Padre Altair cuspiu a palha, com uma grande quantidade de saliva. Pegou outra palha do chão, e começou a mordê-la por uma ponta.
- Ele teria a justiça divina, o julgamento de Deus. Deus é justo Levi. E este homem queimará na fogueira do Inferno, que é mil vezes mais ardente do que o fogo dos homens.
- Foda-se o Inferno, padre. Tive o sangue dele em minhas mãos, estou feliz por isso. Vi o terror nos olhos daquele padre gordo. O medo de morrer, o pavor da dor e ouvi seus gritos e súplicas. Pouco me importa onde ele está agora, o que me importa é a vingança e isso, ah isso eu consegui.

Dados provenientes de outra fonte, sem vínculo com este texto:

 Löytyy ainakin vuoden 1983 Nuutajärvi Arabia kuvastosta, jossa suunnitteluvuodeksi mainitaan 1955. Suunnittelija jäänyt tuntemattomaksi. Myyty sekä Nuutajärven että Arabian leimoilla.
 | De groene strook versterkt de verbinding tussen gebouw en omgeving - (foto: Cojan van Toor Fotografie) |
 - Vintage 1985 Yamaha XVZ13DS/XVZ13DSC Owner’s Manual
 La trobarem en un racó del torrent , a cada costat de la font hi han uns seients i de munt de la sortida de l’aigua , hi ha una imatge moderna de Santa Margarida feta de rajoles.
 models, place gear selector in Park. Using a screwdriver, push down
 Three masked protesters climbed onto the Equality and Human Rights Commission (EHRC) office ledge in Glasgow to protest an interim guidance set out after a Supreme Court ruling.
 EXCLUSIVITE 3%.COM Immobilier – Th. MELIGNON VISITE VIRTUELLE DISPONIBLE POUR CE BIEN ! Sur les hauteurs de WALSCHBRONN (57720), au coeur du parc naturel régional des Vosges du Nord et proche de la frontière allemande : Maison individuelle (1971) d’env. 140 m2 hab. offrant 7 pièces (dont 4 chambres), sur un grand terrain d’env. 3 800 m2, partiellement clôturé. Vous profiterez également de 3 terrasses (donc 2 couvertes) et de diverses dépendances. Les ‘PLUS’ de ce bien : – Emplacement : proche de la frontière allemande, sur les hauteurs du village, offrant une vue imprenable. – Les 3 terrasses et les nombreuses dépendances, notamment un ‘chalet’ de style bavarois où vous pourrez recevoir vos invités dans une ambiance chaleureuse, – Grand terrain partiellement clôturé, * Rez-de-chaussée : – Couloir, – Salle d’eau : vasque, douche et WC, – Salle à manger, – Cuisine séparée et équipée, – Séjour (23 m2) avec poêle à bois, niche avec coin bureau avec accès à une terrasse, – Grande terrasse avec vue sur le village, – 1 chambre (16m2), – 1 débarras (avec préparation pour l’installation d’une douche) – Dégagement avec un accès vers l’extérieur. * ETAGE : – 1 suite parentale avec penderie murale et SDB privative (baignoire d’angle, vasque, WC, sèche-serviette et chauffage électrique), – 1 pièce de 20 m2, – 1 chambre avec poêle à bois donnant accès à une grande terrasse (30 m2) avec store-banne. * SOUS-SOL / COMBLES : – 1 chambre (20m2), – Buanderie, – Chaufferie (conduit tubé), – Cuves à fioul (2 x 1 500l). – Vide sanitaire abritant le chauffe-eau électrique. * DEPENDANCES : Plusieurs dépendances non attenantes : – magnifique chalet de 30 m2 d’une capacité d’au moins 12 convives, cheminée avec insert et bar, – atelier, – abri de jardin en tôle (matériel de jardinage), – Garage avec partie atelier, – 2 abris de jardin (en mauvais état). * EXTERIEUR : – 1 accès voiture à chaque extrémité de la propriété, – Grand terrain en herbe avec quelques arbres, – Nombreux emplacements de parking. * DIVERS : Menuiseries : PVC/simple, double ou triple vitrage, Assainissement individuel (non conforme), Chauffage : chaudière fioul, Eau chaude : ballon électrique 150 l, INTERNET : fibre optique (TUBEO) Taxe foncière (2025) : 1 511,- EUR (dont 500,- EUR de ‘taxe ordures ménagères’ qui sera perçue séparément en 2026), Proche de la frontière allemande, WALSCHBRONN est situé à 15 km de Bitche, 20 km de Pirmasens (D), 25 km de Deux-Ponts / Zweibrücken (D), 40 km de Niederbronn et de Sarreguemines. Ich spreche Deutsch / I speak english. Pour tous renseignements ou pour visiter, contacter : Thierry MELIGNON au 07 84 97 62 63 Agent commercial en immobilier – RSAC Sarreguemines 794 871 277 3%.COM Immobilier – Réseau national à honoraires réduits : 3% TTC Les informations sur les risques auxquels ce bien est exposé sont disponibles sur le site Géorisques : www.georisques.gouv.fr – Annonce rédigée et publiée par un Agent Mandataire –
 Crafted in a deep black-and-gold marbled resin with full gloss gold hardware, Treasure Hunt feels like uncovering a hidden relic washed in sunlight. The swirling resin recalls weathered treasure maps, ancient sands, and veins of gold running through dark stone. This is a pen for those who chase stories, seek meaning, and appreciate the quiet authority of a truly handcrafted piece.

A ira de Levi aumentava, mas de uma forma contida. Os nós dos dedos estavam muito brancos, de tanta força que fazia pra cerrar os punhos. Suas unhas compridas cravavam-se nas palmas das mãos, e filetes de sangue escorriam delas. Sangue fresco sujava mais ainda suas mãos. Chegou a hora.
O padre olhou-o com olhos de piedade, porém tinha dureza na voz:
- Sua ira entristece a Deus. E sua crueldade faz o Espírito Santo chorar, Levi. Ainda há tempo para se arrepender diante do Pai. Sua morte é certa, mas seu destino pode ser alterado ainda. Arrependa-se dos seus atos passados. Eles não fizeram de você um homem melhor e nem nunca irão fazer. Jesus tem as mãos estendidas a você, estenda as suas a ele.

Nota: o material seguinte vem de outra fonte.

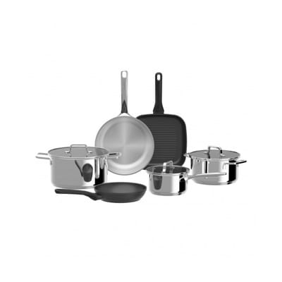 This set contains a mix of pots and pans made of recycled stainless steel bodies and coated recycled aluminium bodies. The saucepan, 20 cm and 24 cm casseroles and 24 cm frying pan are all made from recycled stainless steel with a stylish satin finish. The capsule base distributes heat quickly and evenly over the entire surface on any kind of cooktop, including induction. The clear glass lids of the saucepan and casseroles have a stainless steel rim and an integrated steam vent to help you monitor the contents. All these items are dishwasher safe. The 20 cm non-stick frying pan and the 24 cm non-stick grill pan are made of recycled aluminium and have a ceramic and healthy CeraGreen coating that allows you to cook with little or no oil. The coating makes these pans easy to clean, but they are not dishwasher safe.
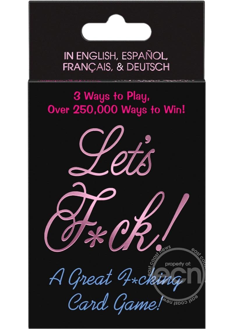 Let's F*ck Card Game. The quick and easy game that gets you laid! Includes 48 Let's F... Cards, 4 Let's F*ck Wild Cards, and rules for 3 games: F*ck Fortunes, Match & F*ck, and Personal F*ck Questions. Adult card game.
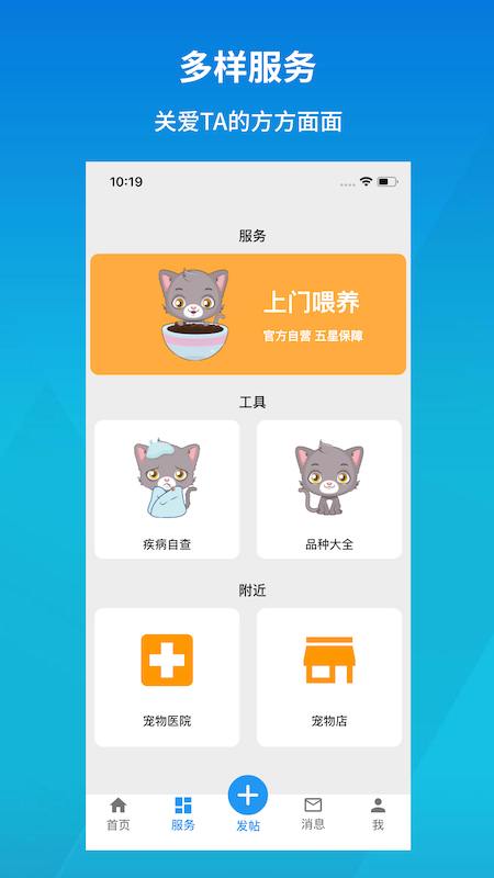猫村提供多项实用服务功能:疾病自诊工具可以帮助铲屎官初步判断猫咪健康状况;品种大全收录了各类猫咪的详细介绍;附近功能可以快速查找周边的宠物店、宠物医院;宠物市场则提供各类宠物用品的交易平台。
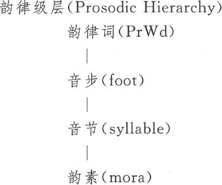 )是从韵律学的角度来规定“词”的概念。一般最流行的“词”的定义是从句法学的角度把词确定为“最小的能够自由运用的语言单位”。“韵律词”是从韵律学的角度来定义“最小的能够自由运用的语言单位”。韵律学中的“语言单位”是“韵律单位”,因此韵律词以语言中的韵律单位为基础。本章主要根据McCarthy和Prince(1993)“韵律构词学”(prosodic morphology)理论来探讨汉语的韵律词,主张人类语言中“最小的能够自由运用的韵律单位”是“音步”(foot)“韵律词”的定义通过韵律构词学中的单位“音步”来确定,而“音步”则通过比它小的单位“音节”(syllable)来确定。韵律构词学的理论以“韵律级层”为基础:
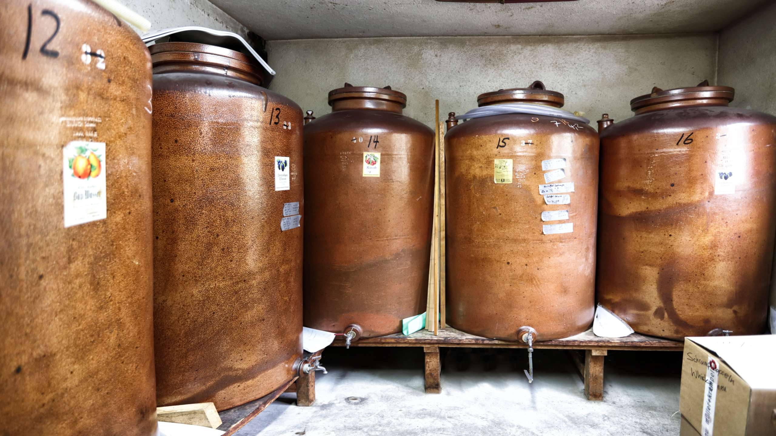 Kramers Schnäpse sind bekannt für ihren abgerundeten Gout. Nichts von einem Alkoholton, der dafür zeugen würde, dass es da einer mit dem Brennen nicht allzu genau oder allzu hastig genommen hat. Aus dem Nichts kommt eine solch abgerundete Frucht nicht. Die Familie Kramer kann sowohl von einem Erfahrungsschatz aus über einem halben Jahrhundert zehren als auch darauf stolz sein, dass sie das Brennen mit exakter Genauigkeit betreibt. Immer wieder justiert Simon da und dort etwas am Brennhafen – um die Temperatur nicht zu heiss werden zu lassen, um die Durchflussgeschwindigkeit nicht zu schnell oder zu langsam werden zu lassen, um Vorlauf, Herzstück und Nachlauf so genau wie möglich zu trennen. Wir sind beeindruckt von Simon Kramer und seiner spürbaren Leidenschaft für dieses Genusshandwerk. Zum Wohle!
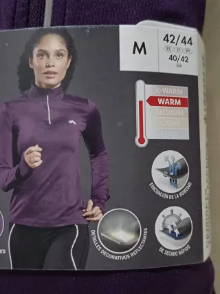 Camiseta térmica técnica de manga larga para mujer. Talla M. -Es cómoda y cálida gracias al interior afelpado. - Cuello alzado con cremallera. - Puños con abertura para el pulgar y el smartwatch. - Detalles reflectantes decorativos. - Se seca rápidamente y regula la humedad.
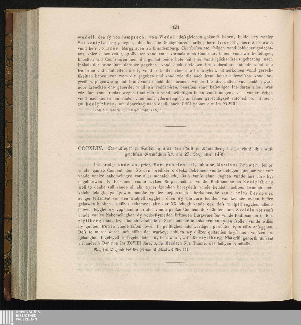 CCCXLIV. Das Kloster zu Soldin quittirt den Rath zu Königsberg wegen eines ihm ausgezahlten[...]
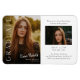 Cet élégant aimant design moderne d'invitation de graduation photo dispose d'une photo verticale et titre avec nom de script personnalisable et texte sur la gauche. Le côté droit a une invitation avec les détails de la fête et photo horizontale. Une excellente façon de présenter votre diplômé. Cliquez sur le bouton Modifier pour personnaliser cette conception.

A expressão do prisioneiro era de puro escárnio e desprezo. Relaxou por um momento as mãos, só para limpar, com a palma da mão direita, um suor que escorria pela sua testa. Sangue e suor fundiram-se. Chegou a hora.
- Mãos de Jesus, a tristeza de Deus, o choro do Espírito Santo. Conversar sobre o nada, padre. São seres de vento. Um Deus que é tão invisível quanto o ar. Que fecha os olhos aos seus supostos filhos. Diga-me, Padre Altair, porque seu Deus de ar virou as costas à minha mulher e ao meu filho, quando eles mais precisaram dele? Onde estava o Santo Espírito? E as mãos de Jesus, porque não impediram que aquele maldito padre enfiasse ambas as espadas no corpo da minha esposa?
Um fio de saliva escorria da boca de Levi. Seu ódio se manifestava cada vez com mais força. E o Padre Missionário percebeu. Lançou um longo olhar pro teto da cela, suspirou uma vez e sem tirar os olhos do teto respondeu:
- Nós homens, pecadores desde o nascimento, nunca iremos entender a vontade de Deus. Mas acredite quando eu lhe digo Levi, você não pode vê-lo, mas ele vê você e ouve suas palavras. – O padre baixou os olhos para Levi. - Agora mesmo ele está aqui, posso sentir e ele deseja que você se arrependa dos seus pecados e atos da carne. E quando você morrer, Jesus te guiará ao caminho do Paraíso, pra se sentar ao lado do Pai. Arrependa-se. É isso que ele tem a te dizer. A salvação está à sua escolha. A minha boca fala pela boca de Deus Levi. Arrependa-se e viva eternamente no Paraíso de Deus.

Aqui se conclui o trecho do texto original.